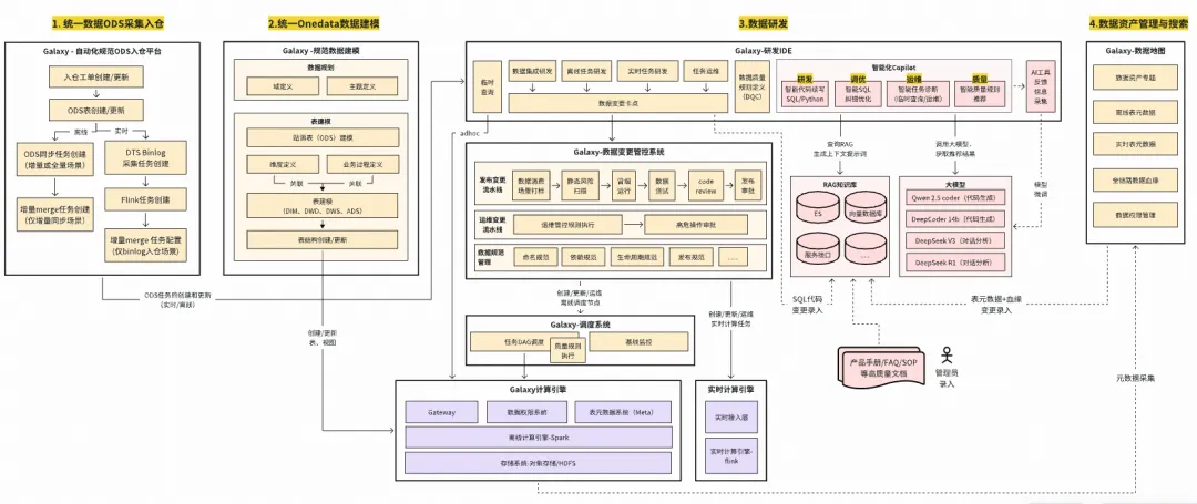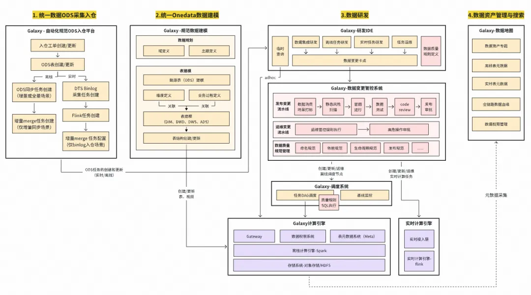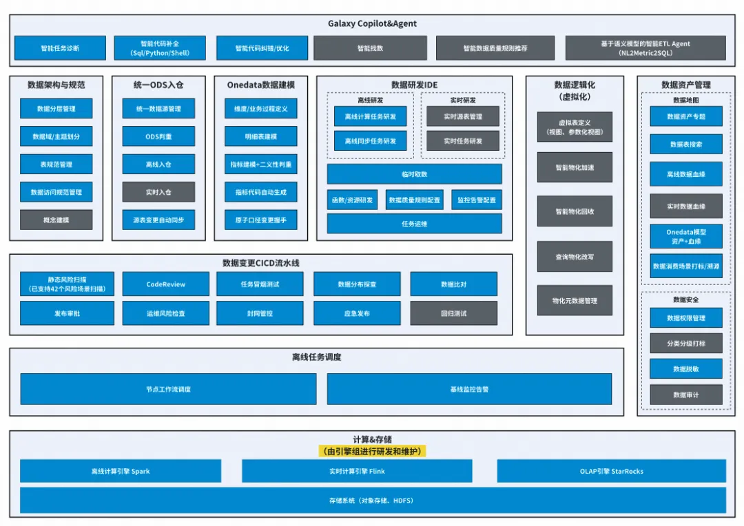 因此24年技术部正式启动大数据系统自建,Galaxy数据研发与管理平台为其中一个重要项目,负责面向参与数据生产的用户,提供离线和实时数据的采集同步、研发运维、加工生产、数据资产管理以及安全合规的能力,满足业务长期发展对于数据架构、数据质量、数据交付效率的诉求。
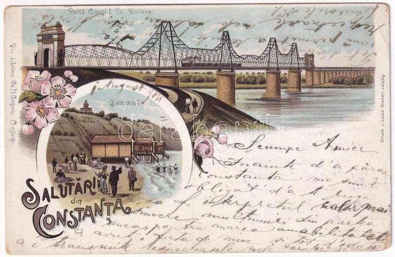 1904 Constanta, Podul Carol I. pe Dunare, Baile da le Vie. G.M. Grigor...
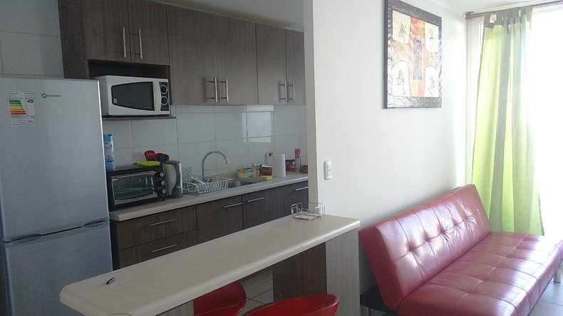 Se arrienda Depto por día en condominio Puerta del Mar, totalmente equipado para cuatro o cinco personas. Los edificios cuentan con 4 piscinas, juegos infantiles, vigilancia 24 horas, accesos controlados y estacionamientos (Dpto. cuenta con estacionamiento privado). A cinco minutos a pie del Mall Puerta del Mar y del centro de La Serena, y a 10 minutos caminando de la playa El Faro.
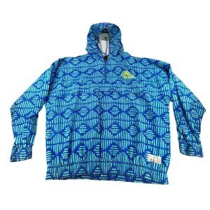 Vintage Pacific Coast Highway Blue & Teal Geometric Hoodie Jacket XL 100% Cotton
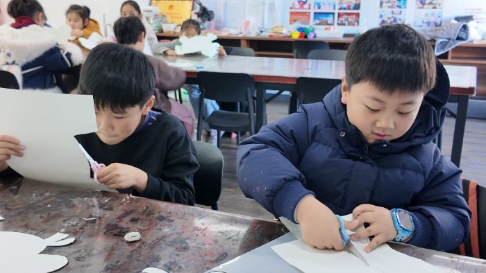 冬日的威海经区,暖阳驱散寒意,洒在社区活动中心的教室里。山东大学“山海微光”支教团的支教活动已进入第三天,按照社区既定的课表安排,志愿者们携手社区老师,以“上午手工创作、下午美育启蒙+趣味游戏”的节奏,为孩子们带来了一堂堂兼具温度与趣味的课程,让美育的种子在童心沃土中悄然生长。
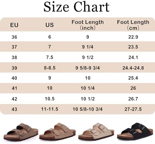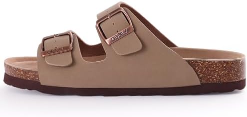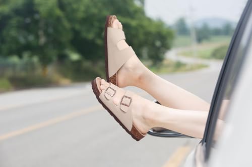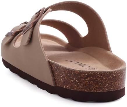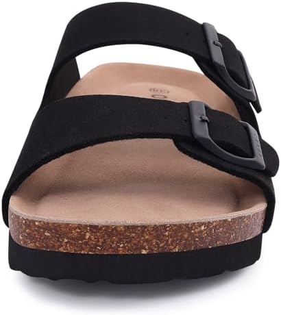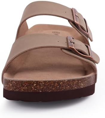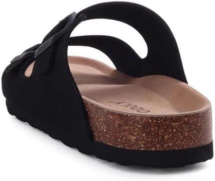 Women's Cork Footbed Slide Sandal, Comfortable Summer Beach Sandals with Adjustable Buckle
----
• [EXERCISE OBJECTIVE]
Write out the lines from the line with "Vintage Pacific Coast" through the end of the records exactly; do not include pictures or any other lines.

• [YOUR SOLUTION]
 Vintage Pacific Coast Highway Blue & Teal Geometric Hoodie Jacket XL 100% Cotton
 冬日的威海经区,暖阳驱散寒意,洒在社区活动中心的教室里。山东大学“山海微光”支教团的支教活动已进入第三天,按照社区既定的课表安排,志愿者们携手社区老师,以“上午手工创作、下午美育启蒙+趣味游戏”的节奏,为孩子们带来了一堂堂兼具温度与趣味的课程,让美育的种子在童心沃土中悄然生长。
 Women's Cork Footbed Slide Sandal, Comfortable Summer Beach Sandals with Adjustable Buckle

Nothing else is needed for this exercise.